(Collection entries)
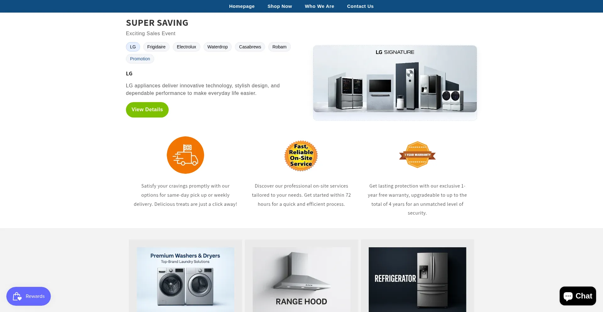 The megadiscountappliance.com website utilizes free e-commerce platform solutions, which may indicate cost-conscious operations but could also suggest limitations in security features, customer support, or advanced functionality compared to enterprise-grade solutions.
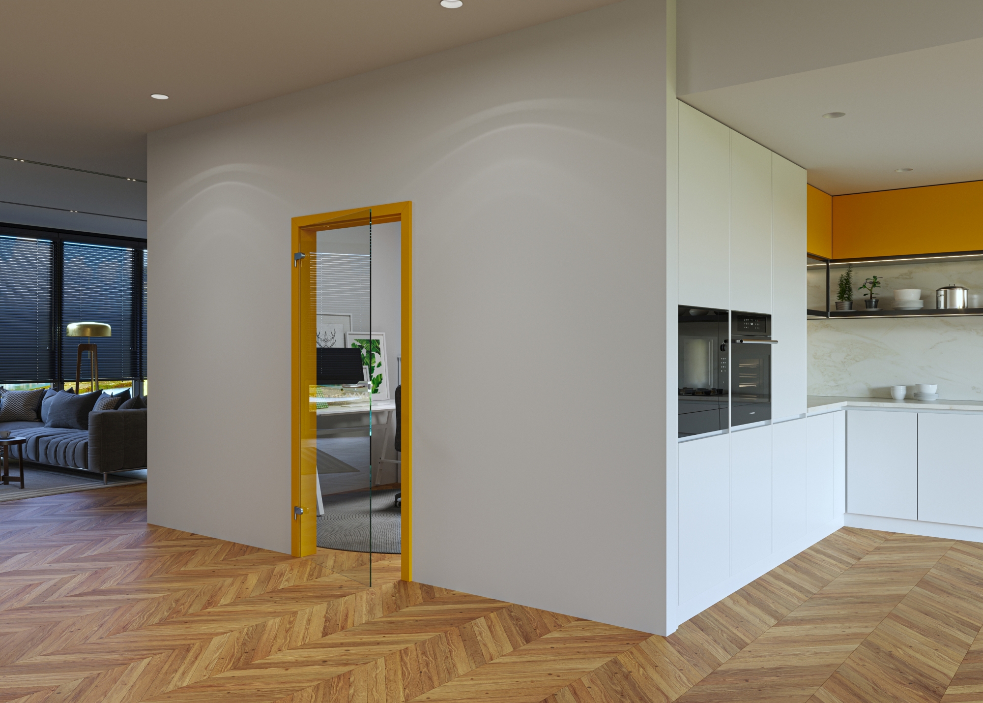 „U celoskleněných dveří nabízíme jak průhlednou, tak průsvitnou variantu, která zamezuje přímému průhledu do místnosti, ale zároveň zachovává prosvětlení prostoru.
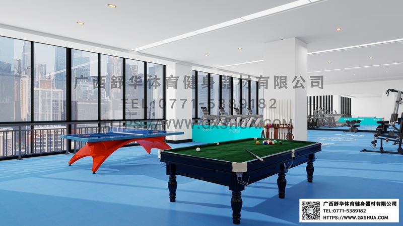 15.台球桌*1张-单位健身房配置台球桌,为员工的业余生活增添了乐趣和选择。与传统的健身器材锻炼相比,台球具有更强的娱乐性和趣味性,能够吸引更多员工参与到健身活动中来,提高健身房的使用率,让员工在工作之余有更多放松身心的方式。
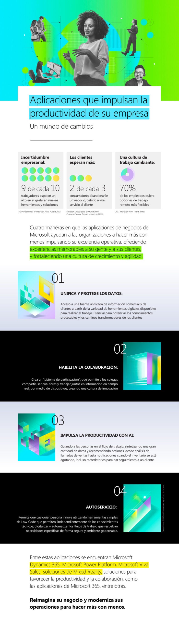 Para suplir esa necesidad, Microsoft tiene a su disposición un conjunto de aplicaciones para negocios de cualquier tipo e industria con el cual busca ayudarles a optimizar sus procesos y ofrecer entornos laborales más ágiles y flexibles, que atiendan las nuevas dinámicas de los mercados y estén acordes con las expectativas tanto de sus clientes y consumidores, como de sus colaboradores.
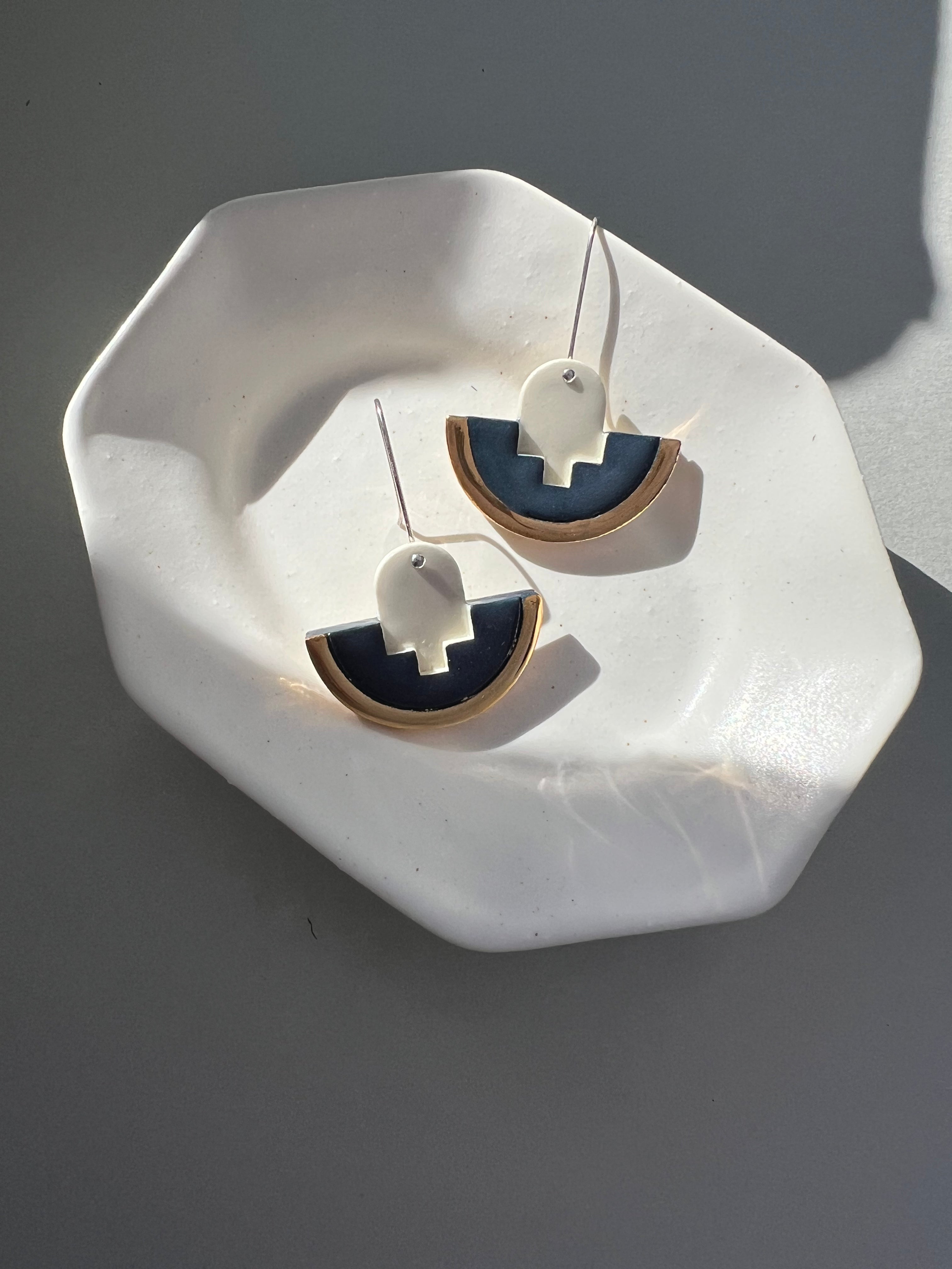 I reference Art Deco, Bauhaus and Modernism. I look at details in windows, door-knobs or even on cutlery. I am inspired by these flourishes once created by a craftsperson and carried through time to find my eye. I create pieces that mix my personality with the design language of the past and create jewellery that I want to wear everyday.
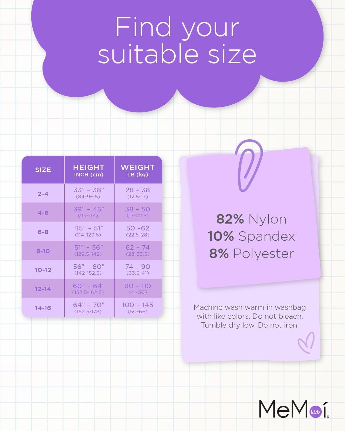 • Girl tights care. Machine wash warm in washbag with like colors. Do not bleach. Tumble dry low. Do not iron
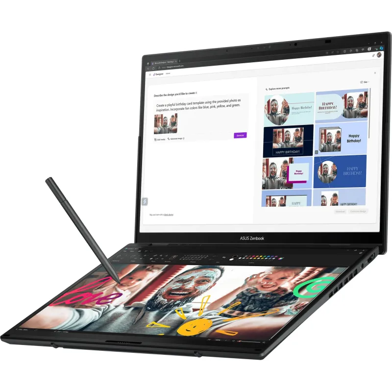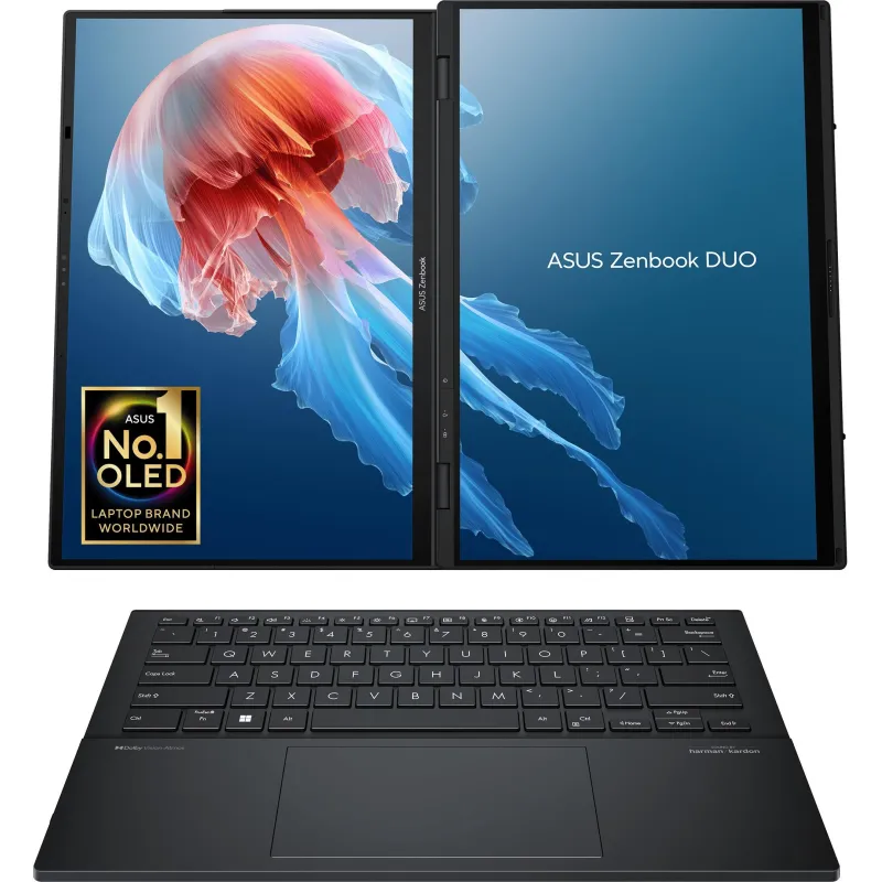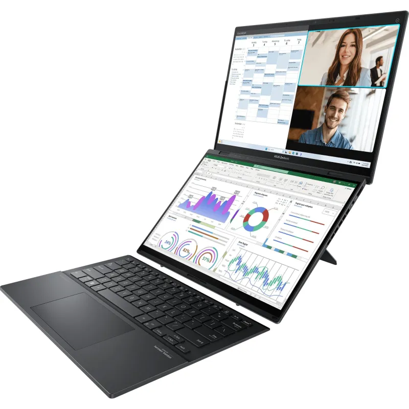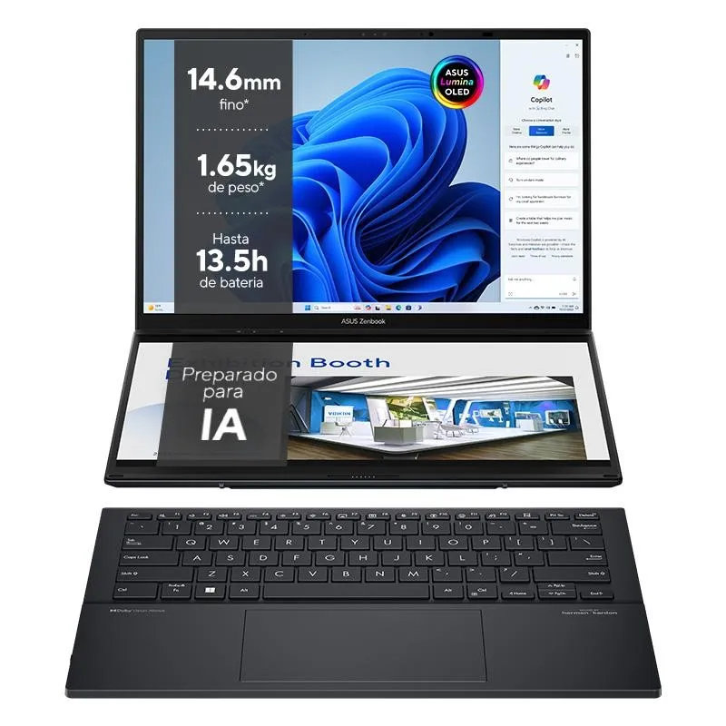 El ASUS Zenbook DUO es un portátil revolucionario de pantalla doble. Este increíble ordenador, que personifica la innovación CES 2024, incorpora dos pantallas táctiles OLED de tamaño completo, teclado desmontable de tamaño completo y soporte integrado. Es el portátil definitivo que combina a la perfección la versatilidad de la multitarea con una excelente movilidad. Con estas las dos pantallas táctiles OLED 3K de 14 pulgadas a 120 Hz, puedes ampliar al instante tu espacio de trabajo hasta 19,8 pulgadas. El ASUS Zenbook DUO cuenta con un procesador Intel® Core™ Ultra 9 potenciado por IA y memoria LPDDR5x de 32 GB. Además, viene equipado con SSD PCIe® 4.0 de hasta 2 TB. Es un portátil que te garantiza un rendimiento excepcional en todo momento para que puedas con todo. Incorpora software inteligente dedicado, control intuitivo por gestos y una batería de 75 Wh de duración mejorada. Todo ello convierte al Zenbook DUO en un portátil ASUS fácil de usar que maximiza la productividad sin complicaciones. Vamos, ¡dobla tu apuesta!
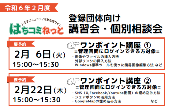 開催場所: 八王子市市民活動支援センター
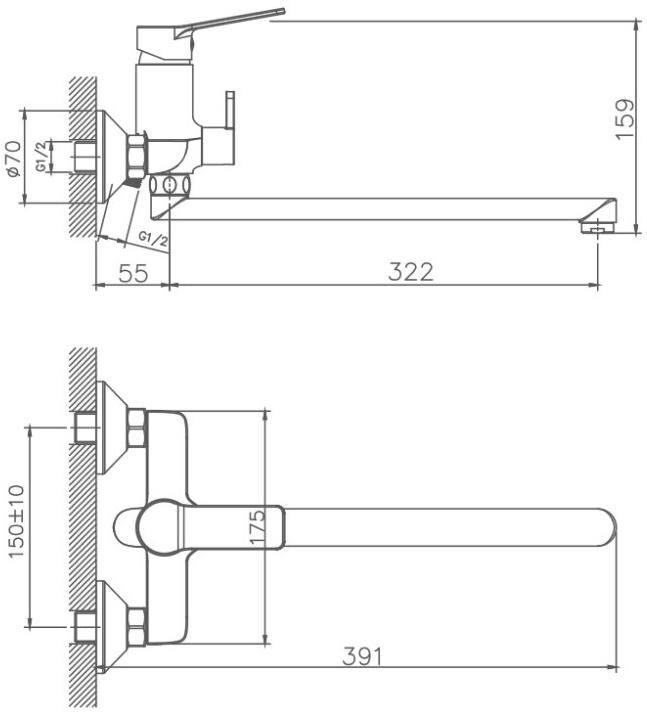 Керамический картридж 35 мм. Диаметр декоративных чашек 70 мм. Душевой гарнитур в комплекте. Межосевое расстояние (расстояние между выходом горячей и холодной трубы) 150 мм. Данное расстояние изменяется за счет входящих в комплект эксцентриков на 10 мм в большую или меньшую стороны.
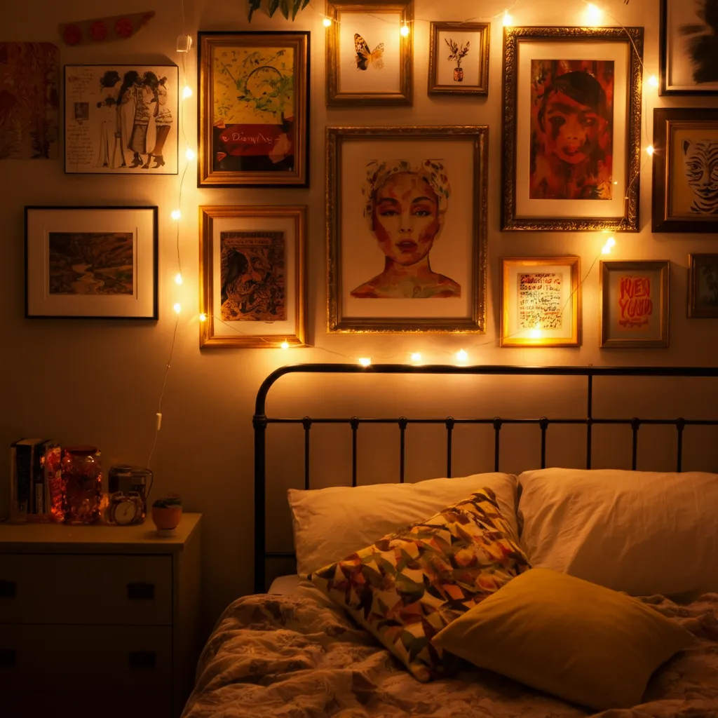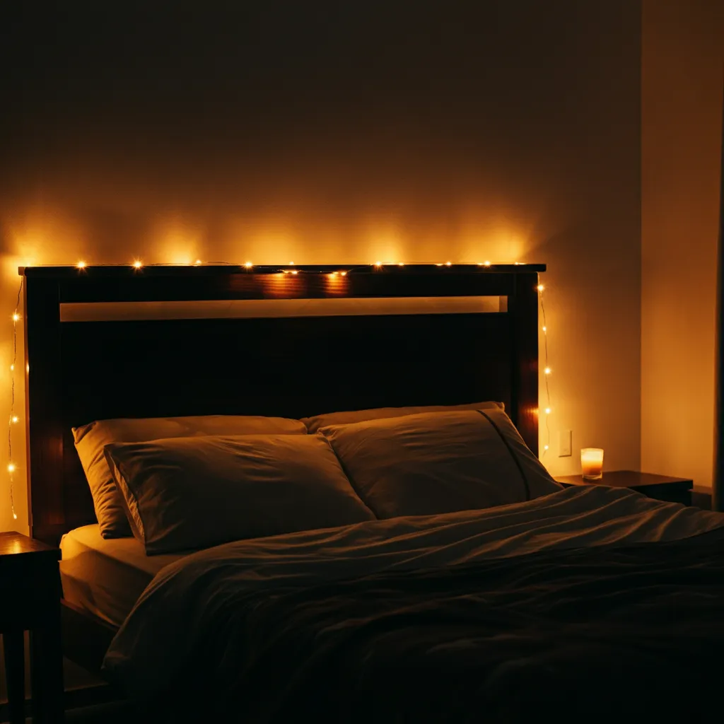 For a touch of whimsy and warmth, hang delicate string lights or fairy lights around your headboard, mirror, or window. They provide a soft, magical glow that’s perfect for relaxing in the evening.
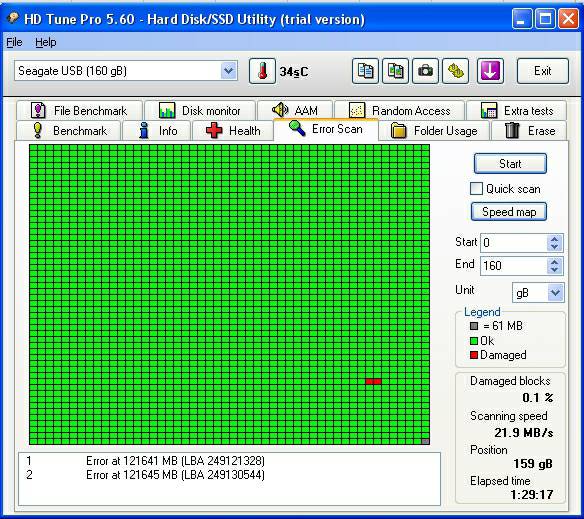 จาก HD Tune พบมี Bad sector 2 จุดติดๆ กัน ที่ 121.641 และ 121.645 GB (เกิดจาก power jack หลวม ทำให้ไฟดับบ่อยครั้งในช่วงหลัง)
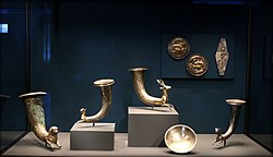 Parthian architecture adopted elements of Achaemenid and Greek architecture, but remained distinct from the two. The style is first attested at Mithridatkert/Nisa.[262] The Round Hall of Nisa is similar to Hellenistic palaces, but different in that it forms a circle and vault inside a square space.[262] However, the artwork of Nisa, including marble statues and the carved scenes on ivory rhyton vessels, is unquestionably influenced by Greek art.[263]
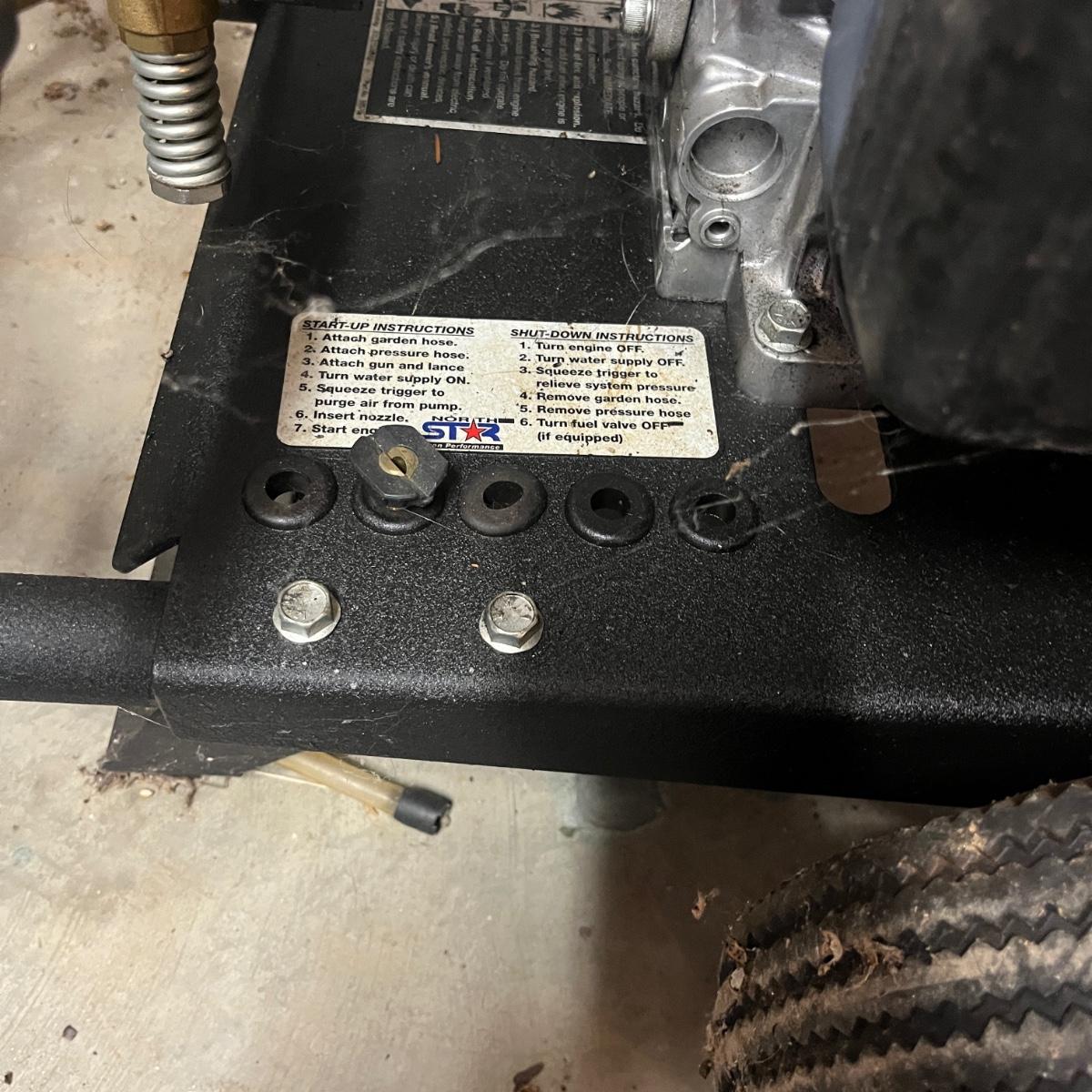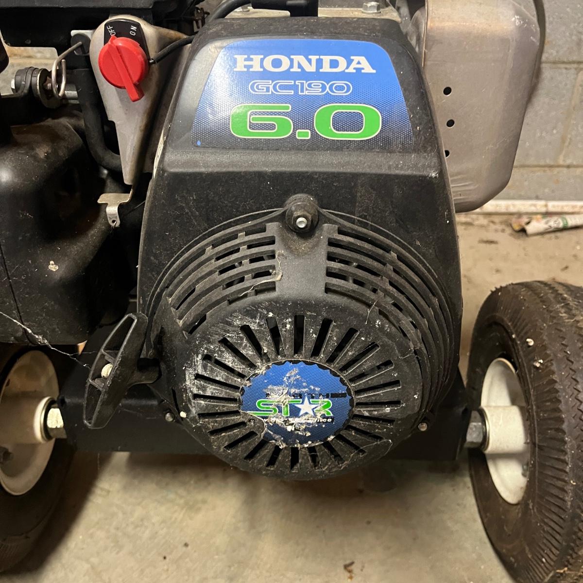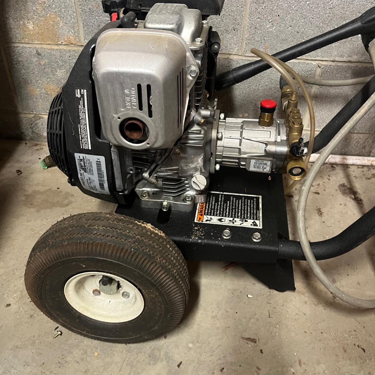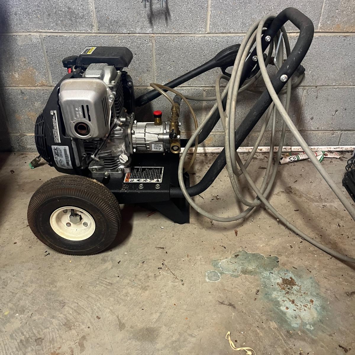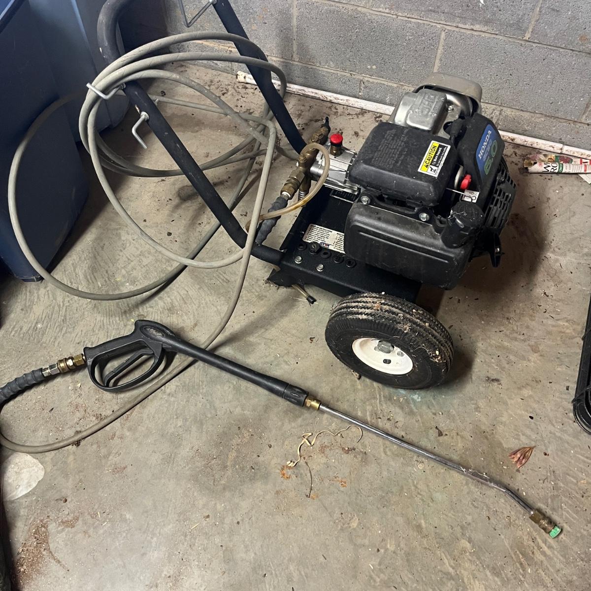Lot includes a North Star Pressure washer with a 6 HP Honda motor. Engine turned over when starter cord pulled , but has no gas to test. Machine measures 22” x 27” x 24”H. Both pneumatic tires are flat.

## Aim of the task
Skipping every picture, transcribe exactly the lines above from the one containing "zachovává prosvětlení prostoru." through the one containing "15.台球桌*1张-单位健身", both included.

## Exercise output
 „U celoskleněných dveří nabízíme jak průhlednou, tak průsvitnou variantu, která zamezuje přímému průhledu do místnosti, ale zároveň zachovává prosvětlení prostoru.
 15.台球桌*1张-单位健身房配置台球桌,为员工的业余生活增添了乐趣和选择。与传统的健身器材锻炼相比,台球具有更强的娱乐性和趣味性,能够吸引更多员工参与到健身活动中来,提高健身房的使用率,让员工在工作之余有更多放松身心的方式。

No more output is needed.